Molecular mechanism beyond IGF2 overexpression in ACC. IGF2 is located in chromosome 11p12, downstream to the cell cycle regulator CDKN1C and upstream to the H19 transcription regulator. In normal cells, IGF2 is imprinted on the maternal allele and CDKN1C and H19 are imprinted on the paternal allele. In ACC, the maternal copy of these genes is lost and the paternal copy gets duplicated, resulting in biallelic IGF2 expression and in transcriptional silencing of CDKN1C and H19.

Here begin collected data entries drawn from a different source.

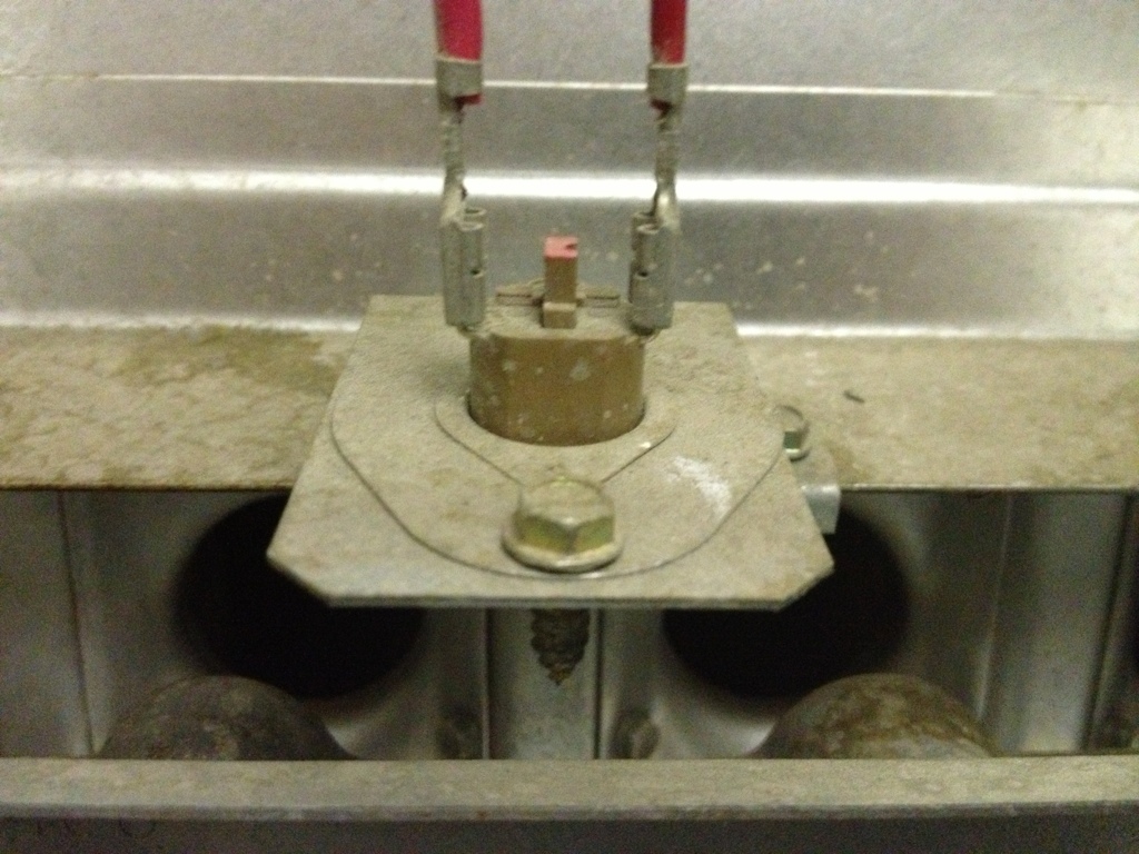 This is a picture of a flame rollout safety switch it will trip at a set temperature. The temperature set point of the rollout is designed to open when the flame is coming out the front of the burners
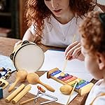 ♬ Scientific Music Toys:The percussion set comes with 8 types 13 pcs instruments, including Xylophone, Shake Eggs, Claves, Hand Bells, Triangle, Maracas, Rhythm Clapper and Tambourine instrument. It shows that music is not only fun but beneficial for cognitive development.
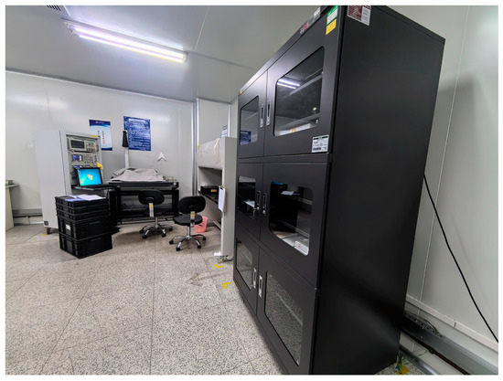 To ensure high-quality signal acquisition during experiments, the selected venue was the electromagnetic shielding room at the Shanghai Radio Equipment Research Institute, as shown in Figure 6. This room is fortified with electromagnetic shielding material, providing an isolation barrier complete with a grounding line for robust protection against external electrical fields, magnetic disturbances, and electrostatic interference. Furthermore, the facility boasts an integrated constant-temperature air conditioning system, securing a consistent experimental temperature of 26 °C.

Figure 4. Wnt signaling pathway in normal and cancer cells

A) In the absence of the ligand, cytosolic β-catenin is continuosly phosphorilated by the «destruction complex». This phosphorilation targets β-catenin to proteasomal (PR) degradation. B) After binding of Wnt to Frizzled and LRP5/6, GSK3 and CK1 phosphorilate LRP5/6, which in turn recruits axin. The ultimate consequence is the dissociation of the «destruction complex» and accumulation of unphosphorilated β-catenin on the cytosol which is translocated to the nucleus and activates the transcription of target genes. C) One of the mechanisms by which the Wnt pathway is constitutively activated in cancer cells is the presence of an activating somatic mutation on CTNNB1 gene. As a result of an abnormal phosphorilation site, the mutant β-catenin is no longer phosphorilated by the «destruction complex», being accumulated at the cytosol and translocated to the nucleus, where it activates the trancription of target genes.

Figure 5

Tyrosine-kinase coupled receptors (TKs) that are abnormally activated in ACC and downstream signaling pathways. The effects of pharmacological inhibition of some of these molecules have been evaluated in pre-clinical studies and clinical trials. The pharmacological compounds and specific targets are indicated.

Figure 6

Molecular findings in the whole spectrum of nodular adrenocortical disease. Some alterations are shared by benign disease (hyperplasias and ACA) and ACC and are thought to be early events in the tumorigenesis process. Alterations that are exclusive of ACC are thought to be late events.